What if he had requested the opinion, say last April or May?
It is entirely possible that the board might have ruled his company ineligible to submit a proposal for renewing its contract in light of his ongoing campaign for state office.
In order to circumvent the possibility of an adverse ruling that would cost his company millions, simply wait until after the election—and even more important, after the new contract goes into effect—and get a ruling then.
But what happens when the current three-year contract expires on June 30, 2014? By that time, nine years post-Katrina, logic would dictate that virtually all disaster recovery would be complete and that there would be no need to renew the contract for another three years.

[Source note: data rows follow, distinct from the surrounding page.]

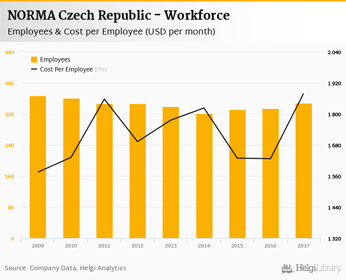 NORMA Czech Republic employed 348 employees in 2017, up 4.19% compared to the previous year. Historically, between 2009 and 2017, the firm's workforce hit a high of 367 employees in 2009 and a low of 321 employees in 2014.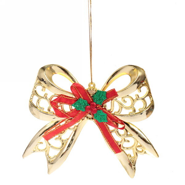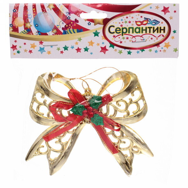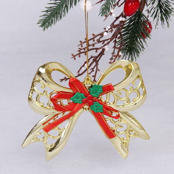 Это изыскательное украшение станет ярким акцентом в вашем праздничном декоре. Его золотистый цвет и ажурный дизайн придают ему легкость и изящество, а красная лента с зелеными листьями добавляет нотку свежести и радости. Подвесное украшение идеально подходит для украшения новогодней елки или оформления подарков, создавая атмосферу уюта и праздника.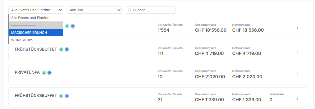 By default, all current events and admissions are listed.If there are categories for events or admissions that contain at least one upcoming event / admission, you can filter the dashboard according to these categories. Categories without events or admissions or with only past events are not available for selection.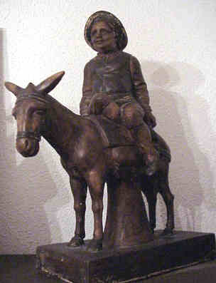 En dicha glorieta hay dos anaqueles ( estanterias, no de Ikea precisamente ) con diferentes lugares y fechas de la vida de Don Miguel de Cervantes Saavedra , sobre las cuales estaba estas dos figuras ( cuya reproduccion pueden ver bajo estas lineas ) ,en barro cocido , pero vidriadas y policromadas, representando a los protagonista cuya obra esta año celebramosel IV centenario , Estas figuras era obra de Eduardo Muñoz .- Como es tradicional en nuestra querida Sevilla, fueron robadas,y posteriormente respuestas en la Exposcion de 1992 y de nuevo volvieron a desaparecer. Por lo que lanzo a nuestro querido Ayuntamiento que por aquello del IV centenario se podria restaurar esta glorieta y reponer las figuras , dotandolas de algun sistema de seguridad, antichorizos y antivandalos. .- Aunque pensandolo mejor me da miedo, pues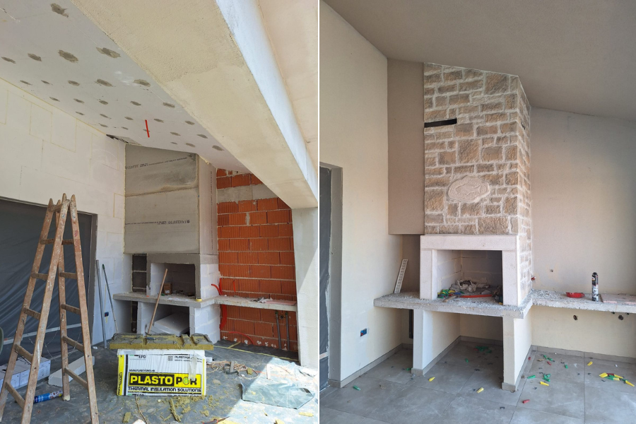 U ponudi je i postavljanje ukrasnog kamena, uključujući dekorativne obloge koje se lijepe na zidove, kamine i druge površine.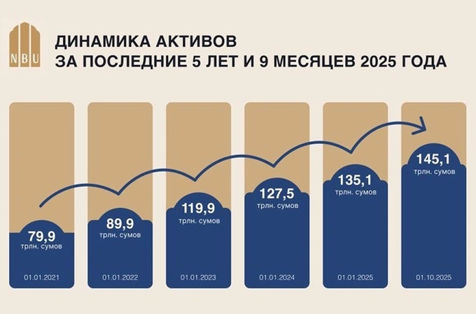 Активы банка достигли 145,2 трлн сумов, вклады — 49,2 трлн, собственный капитал — 19,4 трлн сумов. По итогам девяти месяцев 2025 года НБУ получил 1,4 трлн сумов чистой прибыли, сохранив первое место в секторе. Доля банка в общей прибыли банковского сектора составляет 13%.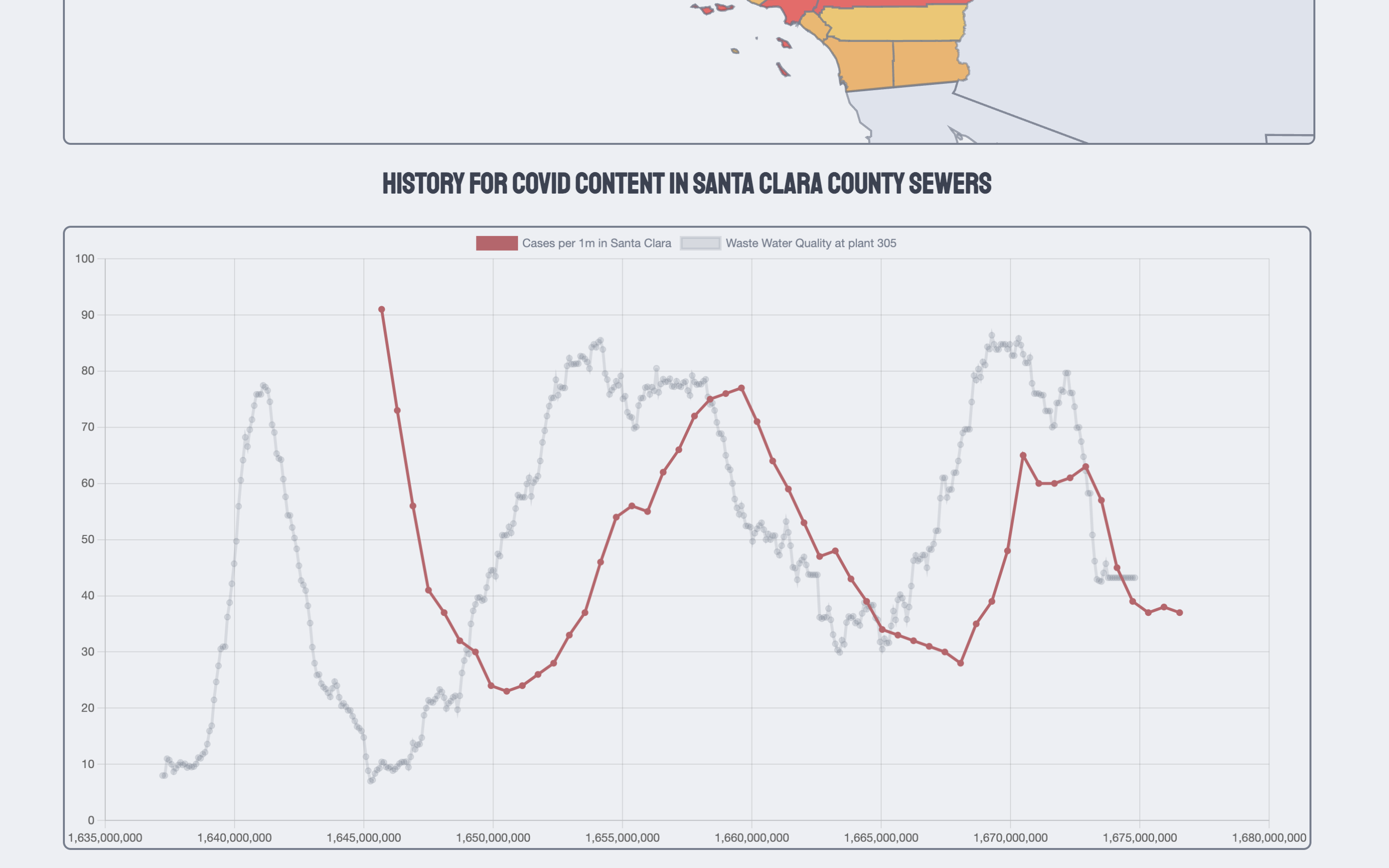 We were most surprised to learn that COVID-19 can be detected from wastewater. We also learned a lot about working with github, as this what we used to create and code our project. Some other new skills we gained include flask, hosting servers, and DeckGL.

If, however, the disaster recovery is not over, or should another hurricane necessitate a new round of disaster recovery funding, look for Guillot to resign from BESE in order to prevent his firm’s losing out on a new multi-million dollar contract. Of course, he would have to resign on or before June 30, 2013–or a full year before expiration of the contract. That would still give Jindal 18 months of a super majority on BESE to push through his educational programs.
Brilliant strategy.
Could that familiar adage about the “Golden Rule”—“Those who’ve got the gold make the rules”—apply to Jindal’s “gold standard” of ethics as well?